Children's brains have many more neural connections than adults' brains. They also have fewer inhibitory neurotransmitters. As a result, such researchers suggested that the child's perception of reality is more blurred (less focused) than that of adults. They are vaguely aware of almost everything, but they do not yet know what is worth isolating and what really matters. Researchers compare a child's perception to a flashlight scattering light around a room, while an adult's perception is more like a flashlight, consciously focusing on certain things, but ignoring background details.

As babies get older, their brains go through a “pruning” process whereby their neural networks are strategically shaped and tuned based on their experiences. It helps them to put things in order in their worlds, but it also makes it difficult for them to think outside the box, which is what drives innovation and breakthroughs.

Creative people have retained some ability to think like babies.

6. The babbling of a toddler signals his learning.

However, even in the light of a diffused flashlight (see item 5), babies can focus for a moment. And when they do, they usually make a sound to communicate their interest. In particular, babbling - meaningless syllables that babies utter - is an “acoustic version of a frown,” signaling to adults that they are ready to learn. Some parents may not pay attention to this signal, but talking with the child promotes his brain development. Dialogue is the best option when the parent answers in the pauses, between the sounds of the baby.

7. Don't be too helpful a parent

But some parents are too empathic and respond to every baby's sound. The point is also not to overdo it, because when babies observe a response from a parent 100% of the time, they get bored and turn away. Worse, their training is very subtle and they won't be engaged in dialogue for a long time if they don't get the response they expect.

By acting instinctively, parents respond to 50-60 percent of the child's vocalization.
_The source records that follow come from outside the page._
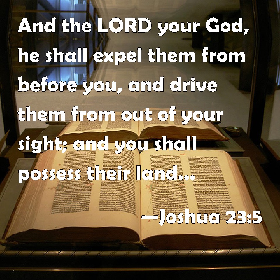 Choose a Background Joshua 23:5 And the LORD your God, he shall expel them from before you, and drive them from out of your sight; and you shall possess their land, as the LORD your God has promised to you. KJV: And the LORD your God, he shall expel them from before you, and drive them from out of your sight; and ye shall possess their land, as the LORD your God hath promised unto you. DRB: The Lord your God will destroy them, and take them away from before your face, and you shall possess the land as he hath promised you. DBT: And Jehovah your God, he will expel them from before you, and dispossess them from out of your sight; and ye shall take possession of their land, as Jehovah your God hath said unto you. ERV: And the LORD your God, he shall thrust them out from before you, and drive them from out of your sight; and ye shall possess their land, as the LORD your God spake unto you. WBT: And the LORD your God, he shall expel them from before you, and drive them from your sight; and ye shall possess their land, as the LORD your God hath promised to you. WEB: Yahweh your God will thrust them out from before you, and drive them from out of your sight. You shall possess their land, as Yahweh your God spoke to you. YLT: 'As to Jehovah your God, He doth thrust them from your presence, and hath dispossessed them from before you, and ye have possessed their land, as Jehovah your God hath spoken to you,Links Joshua 23:5 NIV • Joshua 23:5 NLT • Joshua 23:5 ESV • Joshua 23:5 NASB • Joshua 23:5 KJV • Joshua 23:5 Interlinear • Joshua 23:5 Commentaries • Joshua 23:5 Parallel Texts • Joshua 23:5 Bible Apps • Joshua 23:5 Parallel • Bible Hub |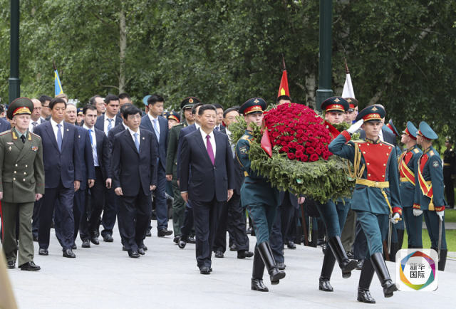 7月4日,國家主席習(xí)近平在莫斯科向俄羅斯無名烈士墓敬獻(xiàn)花圈。新華社記者 謝環(huán)馳 攝
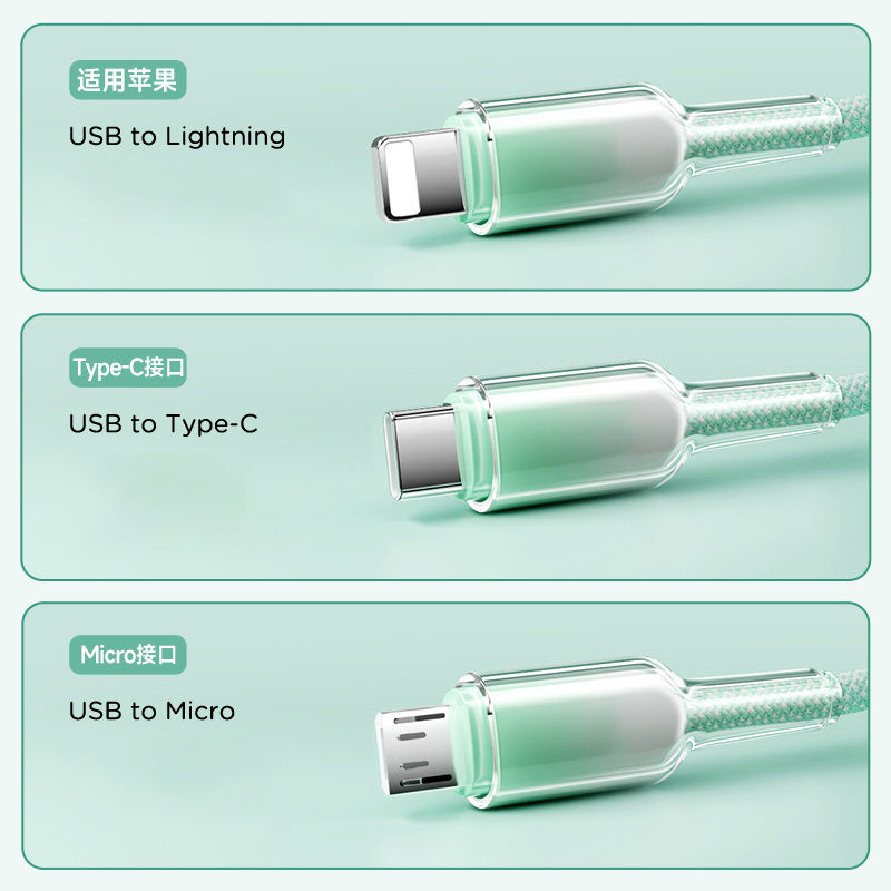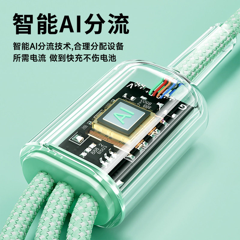 渐变三合一手机数据线240W超级闪充适用苹果华为VIVO小米OPPO荣耀车载通用充电器线一拖三多头多功能加长2米

The researchers found that speech development can be accelerated if babies respond 80% of the time. However, more than this, the learning rate decreases.

Parents also naturally raise the bar for language development by responding to sounds that the child has heard many times (eg, "a"), but repeating a new sound that approaches a word (eg, "ma," then "mom"). Thus, the child begins to compile the sound statistics of his language.

8. Instructional videos are useless

While babies can cry from birth with the intonations of their mother tongue, recent research highlights that social responses to a child's needs are fundamental to a toddler's ability to fully learn a language.

Babies divide the world between the things that do not respond to them and the things that do not respond to them, babies are not taught anything. Educational videos / TV / radio do not respond in any way to the reactions of the child, therefore, they are recognized by researchers as useless for the development of the infant brain, and the best that a parent can do for this is simply to play with the baby.

9. The infant's brain can be overwhelmed.

Children have a very low ability to concert their attention, they switch it from one thing to another, this can cause overexcitation. Therefore, sometimes they need something that will help them calm down: dimming the light, swaying, lullaby sung by their mother, sometimes swaddling arms and legs, which they can scare themselves with, since they have not yet learned how to control them. The ability to calm down and have long, deep sleep, especially at night, can improve your baby's skills.

10. Not very good hearing

Babies don't hear very well, the researchers said, so maybe crying doesn't bother them as much as their parents.

In general, children cannot distinguish voices from background noise as well as adults. Thus, underdeveloped auditory pathways may explain why babies sleep peacefully in crowded places or near a roaring vacuum cleaner, and why they do not respond to mom's call to leave the playground.

For the same reason, constantly playing music or the television in the background can make it difficult for babies to distinguish voices around them and catch speech. (Babies cannot learn to talk on television or radio; see # 8.)

Although children often love music, researchers believe that music should be a purposeful activity rather than background noise.